Business as usual in secondary schools

Habibah (right) and Mohamed holding up the details of the new subject package options during the media briefing. — AZLINA ABDULLAH/The Star

THERE was much uncertainty when it was announced that Form Four students will no longer be streamed into Arts or Science from next year onwards.

It is done with good intentions but the information on the move was incomplete and as a result, this caused questions to be raised.

These questions included how this plan will be executed, can subjects be chosen on a truly ala carte menu, will students’ subject combinations affect their future career plans, what about teachers and schools?

To clear the air, the Education Ministry gave a briefing and released a detailed explanation on the new subject package system that comes into effect in January 2020.

This made things clearer as there are guidelines on how packages can be chosen and how schools will handle the new system.

Education Ministry deputy director-general (policy and curriculum) Dr Habibah Abdul Rahim says the new system will not be totally open but it will be flexible.

Students will be allowed to pick between the package options that are designed to meet tertiary education entry requirements and a student’s preferred career path.

Besides the fixed packages, students can choose an elective subject based on their interests after considering their Form Three Assessment, school-based assessment and psychometric test, under the guidance of their school counsellors, she adds.

She explains that students will have to sit for six core subjects, one compulsory subject which is Physical and Health Education (PJK), and pick up to five elective subjects and mix between them. (see table)

However, these choices are fixed into packages.

Habibah says that there are two main packages – STEM and arts and humanities.

Students will be allowed to then choose their elective subjects based on subject groups such as languages, Islamic Studies, applied science and technology, and arts and humanities.

It is up to the schools, she adds, to provide the subject packages based on available facilities and availability of option teachers.

Students will not be able to run away from Additional Mathematics if they choose to take up any of the pure science subjects such as Physics, Chemistry and Biology.

PJK is a compulsory subject but it will only be tested at the school level.

Students can pick up to two extra subjects from the list of subjects offered for Sijil Pelajaran Malaysia (SPM) with the total subjects they can take being capped at 12.

Bahasa Melayu and History will remain compulsory passes for SPM. These two subjects are part of the six core subjects students must take in upper secondary.

The others being English Language, Science, Mathematics, and Islamic Studies or Moral Education.

There are three options for STEM packages and one Arts and Humanities package option. (see table).

Students who take any two pure science subjects (Physics, Chemistry, Biology) do not need to take the core Science subject.

Students who take the following elective combinations – Al-Quran and As-Sunnah Education and Syariah Islamiah Education, Turath Dirasat Al-Islamiah and Turath Al-Quran Wa Al-Sunnah, or Usul Al-Din and Al-Syariah – are exempted from taking the core Islamic Studies subject.

Students who take Additional Science are not allowed to take any of the pure science subjects. They are encouraged to take Additional Mathematics.

Packages are determined by the school and a student can request to transfer to a different school that offers the subject package that s/he wants.

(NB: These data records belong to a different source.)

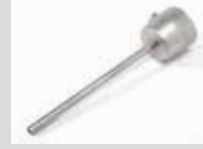
Extension nozzle Ø 5 x 130 mm, straight Article No: 107.006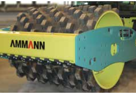
PD shell kit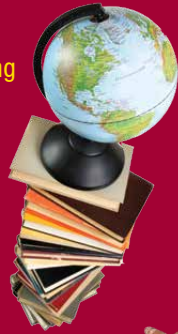
CHART YOUR OWN EDUCATION

# Source: Brigham Young University Accounting Research Rankings as at February 2015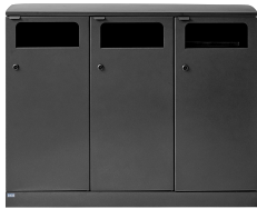
Bica Model 713 Waste sorting 3x100 ltr.

Makes it easy to sort waste in all outdoor areas. Both in parks, in urban spaces, shopping streets and in outdoor areas at the company. With a Bica outdoor recycling bin, the best conditions for sorting are created. The outdoor waste bins are designed in a strong construction with and without an ashtray.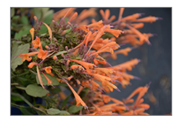
Kudos Mandarin Hyssop flowers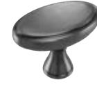
Antique Nickel Oxbow Style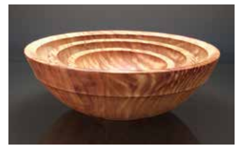
Mormon Poplar Nested Set , 2007, Mormon poplar, largest: 5" × 14" (13cm × 36cm)

Habibah says that a student can take the subject privately and still sit for the subject in their SPM if that particular subject is not offered in their school.

What is new

Education Ministry curriculum development division director Dr Mohamed Abu Bakar says there will not be an issue of students being divided into science and arts classes anymore.

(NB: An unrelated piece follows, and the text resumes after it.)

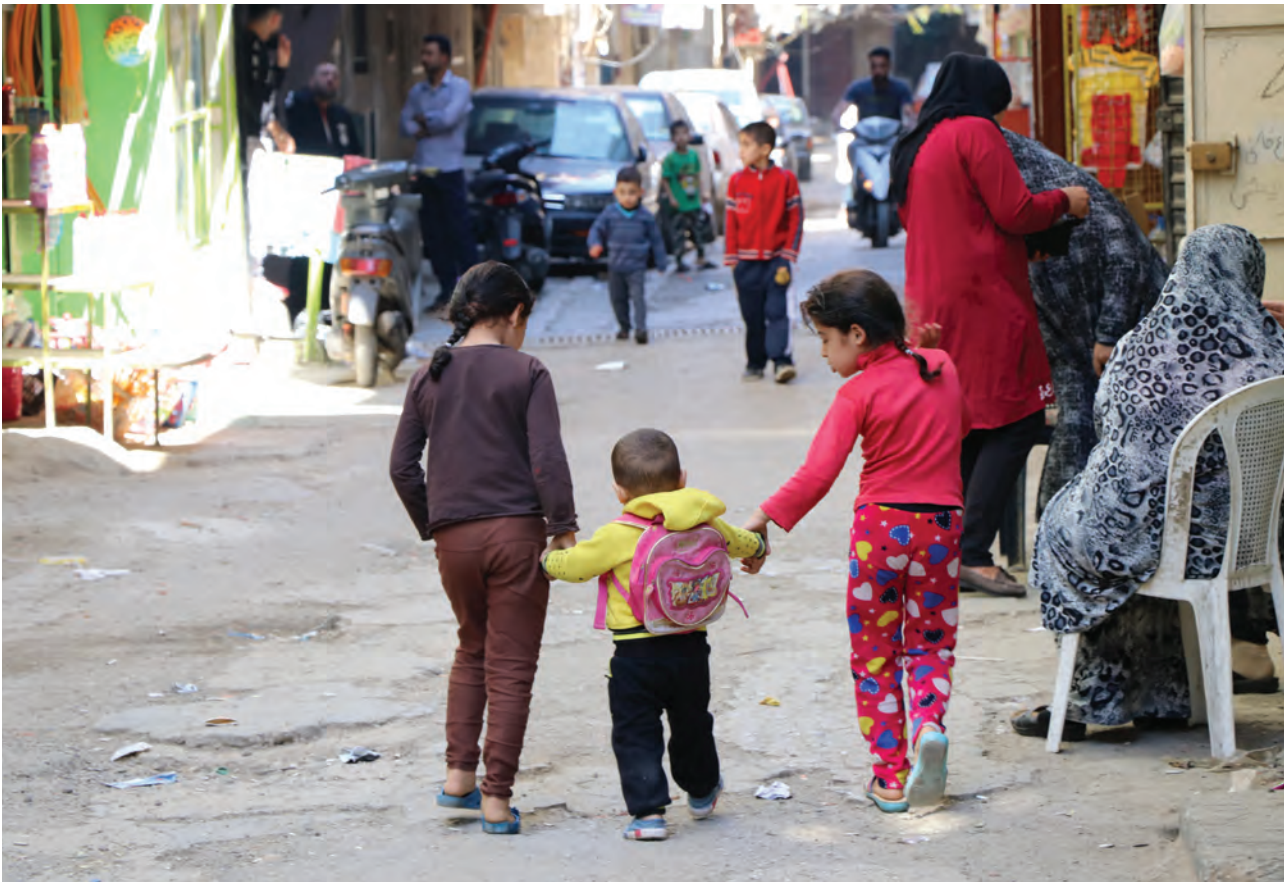
On the way to school, Baddawi refugee camp, Lebanon

They will instead be grouped based on the subject packages they choose in school.

“This is not an entirely new system as the concept of subject packages has been around since SPM was made into an open certification in 2000,” he adds.

“These upper secondary subject packages provide the opportunity for students to identify and select the appropriate subject based on their aptitude, interests and abilities in the context of upper secondary learning in line with the entry requirements set by the matriculation programme, Form Six, higher education institutions and their future career pathways,” says Habibah.

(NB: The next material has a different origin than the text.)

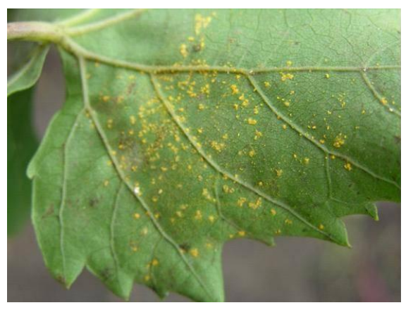
Fig. 6. Rust infection on leaf of Thompson seedless

She adds that this change from streams to subject packages is in line with the move from the Kurikulum Bersepadu Sekolah Menengah (KBSM) to the Kurikulum Standard Sekolah Menengah (KSSM) curriculum to develop 21st century skills such as critical and creative thinking, problem solving skills and leadership skills.

Last month, Education Minister Dr Maszlee Malik says that a “streamless” schools approach will be implemented beginning next year.

He says secondary students would be able to choose what subjects they want to study.

Maszlee elaborated on the pioneering move when he was addressing a meet-and-greet session with the Malaysian community in Frankfurt.

During the event on Oct 14, the minister says he will push for the end of streaming next year after the students got their Form Three Assessment (PT3) results.

The video recording of his speech was widely shared online.

Stakeholders did not take very kindly to this announcement.

In an immediate reply, Maszlee says that what he had mentioned during the visit in Germany was not a policy announcement but an intention to ensure that students were not burdened by streaming in the future.

Earlier in October, his deputy Teo Nie Ching told a vernacular daily that Form Four students will no longer be separated into science and art streams from 2020.

“The schools will arrange these classes based on the subjects chosen by the students,” she reportedly said.